カーヴェも彼に倣って部屋に戻り、机の前で大げさに深呼吸をする。仕事道具がところ狭しと並んだ大きな机には昼間から異国情緒に溢れた封筒が一枚鎮座していた。
いや、情緒というのは間違いで、正しく異国なのである。封筒には自分の名前と、フォンテーヌで暮らしている母の名が記されている。
少し前、カーヴェは母に手紙を送った。最近の自分の仕事のことやスメールであったちょっとしたことをつらつらと綴った後、カーヴェはようやく自分に恋人ができたことを報告した。
その決心がつくまで実に半年。そのカーヴェの懊悩とは全く比例せず、母からの返信はほぼ最速でカーヴェの下に届いてしまった。多分、届いたその日にペンを取り、翌朝にはポストに投函したのではないかというくらいのスピード感で。
自分は誰かの母親になったことがないので、娘に男ができた時の親の気持ちは分からない。けれど、カーヴェはもう三十目前だし、その頃にはもう母はカーヴェを育てていたわけで。であれば、ようやくかくらいの気持ちなのかもしれない。
そう自分に言い聞かせて、カーヴェは手にとってから優に五分は握り締めていただろう手紙の封を切る。そうしておそるおそる母の手で書かれた自身の名を見て一行空けて始まった文章を読み、カーヴェは声なき悲鳴を上げた。
* * * *
がちゃんと乱暴に戸が開く大きな音がして、アルハイゼンはびくりと体を痙攣させながら目を醒ました。強引な目覚めに心臓がどくどくと音を立てて不満を主張しているのを感じながら跳ねるように身を起こして、音のした方に視線を走らせる。
――
と、そこにいたのはおおよそ半年前にとうとうアルハイゼンのものになってくれた女の人だった。慌てて飛び込んできたらしいカーヴェは頬どころか顔全体を真っ赤にして、目に至っては涙が滲んでいる。
「君、いつから僕の母さんと連絡を取ってたんだ!」
ああ、そんなことか。彼女の悲鳴に近い詰問を受けながらくわりと一つあくびをして、アルハイゼンは脳に酸素を送り込む。それから手紙を置いてくる余裕もなかったらしい彼女が、ふんわりとした生地の寝巻きを着ているのに気がついた。
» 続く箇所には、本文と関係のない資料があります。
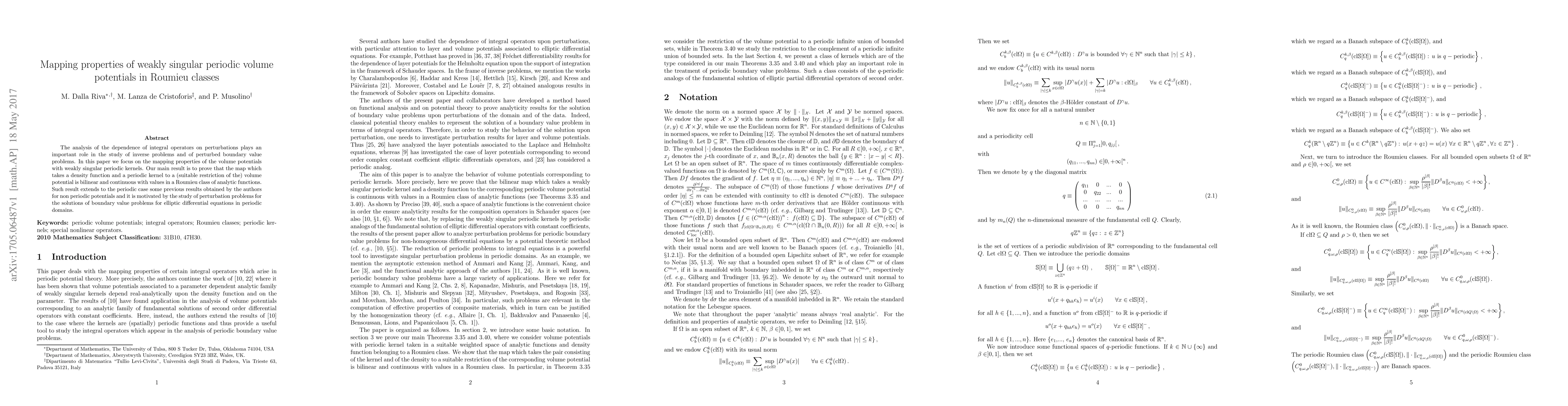 The analysis of the dependence of integral operators on perturbations plays an important role in the study of inverse problems and of perturbed boundary value problems. In this paper we focus on the mapping properties of the volume potentials with weakly singular periodic kernels. Our main result is to prove that the map which takes a density function and a periodic kernel to a (suitable restriction of the) volume potential is bilinear and continuous with values in a Roumieu class of analytic functions. Such result extends to the periodic case some previous results obtained by the authors for non periodic potentials and it is motivated by the study of perturbation problems for the solutions of boundary value problems for elliptic differential equations in periodic domains.

踝辺りまでを覆う生地をたっぷりと使ったネグリジェはおおよそ二ヶ月前に解禁された、もう仕事はしませんよと彼女が自身に言い聞かせるための衣装らしい。風呂に入るタイミングによっては洗い物が増えるが、気持ちの切り替えができるのはいいことだと彼女はその時ぽそぽそと言っていたように思う。
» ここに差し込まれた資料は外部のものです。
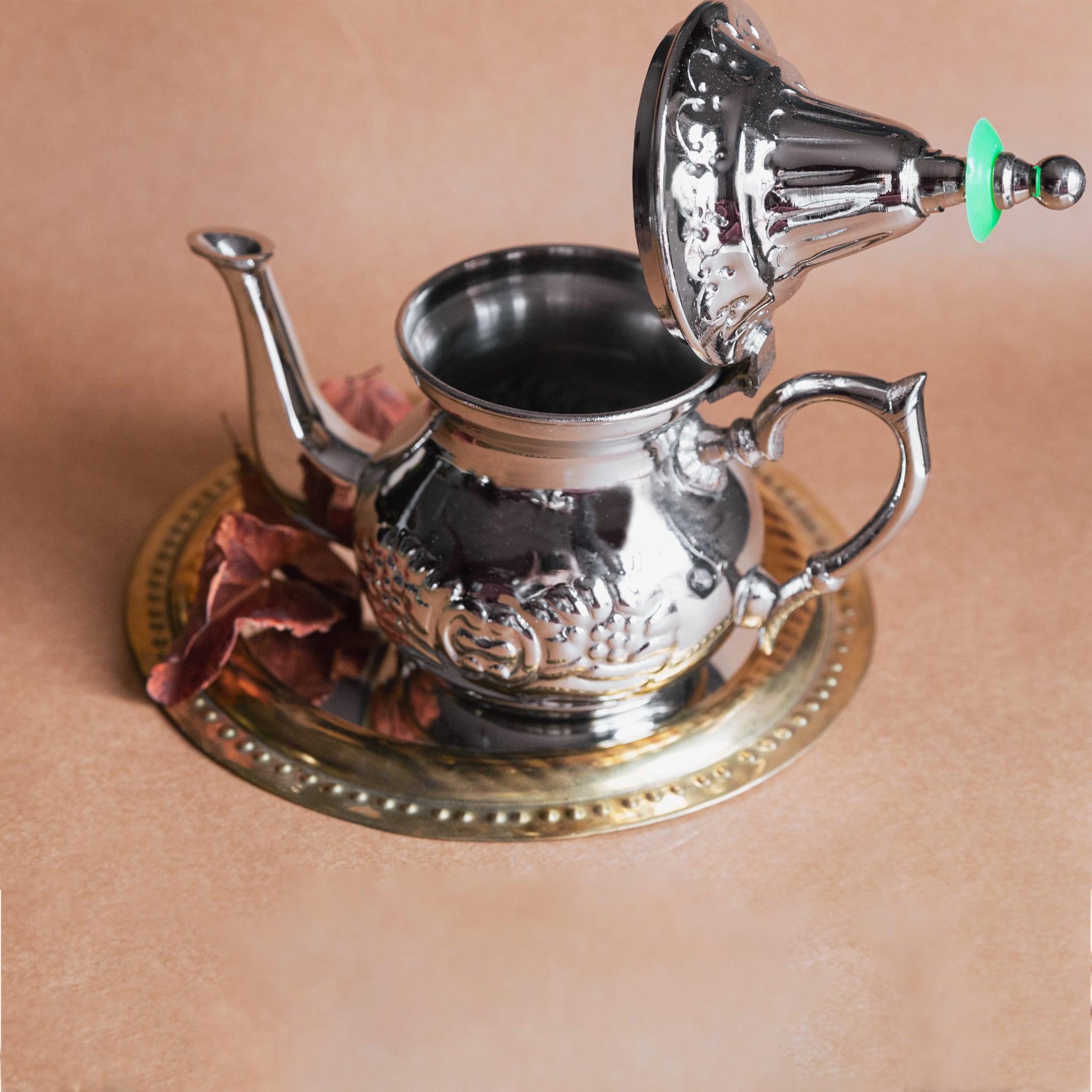 Tetera árabe de acero inoxidable, modelo con estilo marroquí y motivos florales. Ideal para preparar el té moruno y tus infusiones favoritas. Tetera muy consistente y duradera, apta para vitrocerámica y demás sistemas eléctricos de cocina.

男と暮らしている時点で些細な話にも思えるが、彼女は彼女なりに自衛していたということなのだろう。もちろんアルハイゼンだって、彼女と暮らすにあたって何一つ対策をしなかったはずがない。
「カーヴェ、おいで」
完全にベッドから起き上がり腕を広げて彼女を呼ぶとカーヴェは一瞬たじろいで、手の内の物を気にしたようだった。母親からの手紙に不要な折れ目を作りたくなかったのかあまり使う機会のないアルハイゼンの机に手紙を置いてから、ベッドにもぞもぞと上がってきた。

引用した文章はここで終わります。